To: rudedog who wrote (53873)3/18/1999 12:24:00 PM
From: jim kelley  Respond to of 97611
 
Dog,

The "slim data" that you claim I am drawing my conclusions from are the quarterly reports of CPQ and its distributors and retailers for Q4.
You can dispute my calculations if you wish but the methods of computing internal and external inventory are standard.

Neff acknowledges "channel dislocations" rather "channel stuffing".
The boys at CPQ seem to have lowered the bar to 4 weeks of target inventory from the two week target they had in Q4. So it seems a lot of word games are being played in order to accommodate CPQ's failure to perform to their own targets.

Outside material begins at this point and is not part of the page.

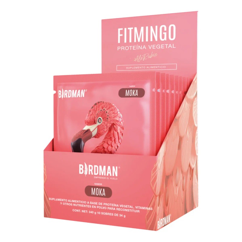 Birdman Fitmingo Proteína Vegana con Fit, Beauty y Balance Blends. Con Ácido Hialurónico, Inositol, Potenciadores de Colágeno, Vitamina C, Vitamina D3, Zinc, Svetol | Sabor Moka, 10 Sobres

I do not dispute the possibility that CPQ could have built PIII motherboard assembly inventory- but heck it is still inventory.
Also, it is highly likely that PIII desktop production began shortly before INTC PIII announcement. But this does not obviate the fact that CPQ had a poor January and a slow Feb. That gives them one month to turn the corner on the quarter while product transitions are taking place and they have excess inventory of obsolete product.

It is quite possible to have shortages of one type of product with a glut of another. So channel stuffing is not inconsistent with specific shortages. In fact it looks like there was a glut of Deskpro EP machines. Hence, the effort to dump them in China. But we can call that a channel dislocation rather than stuffing if you wish.

It is interesting that this extremely negative news follows the most intensive propaganda campaign to pump up CPQ stock I have ever seen. That campaign started in Q3 and reached a peak in Q4
and was accompanied by large scale insider trading. Now comes the bad news.

I would hate to be a CPQ investor at this time in their history.
There are so many other stocks to invest in that do not have a continuing credibility problem.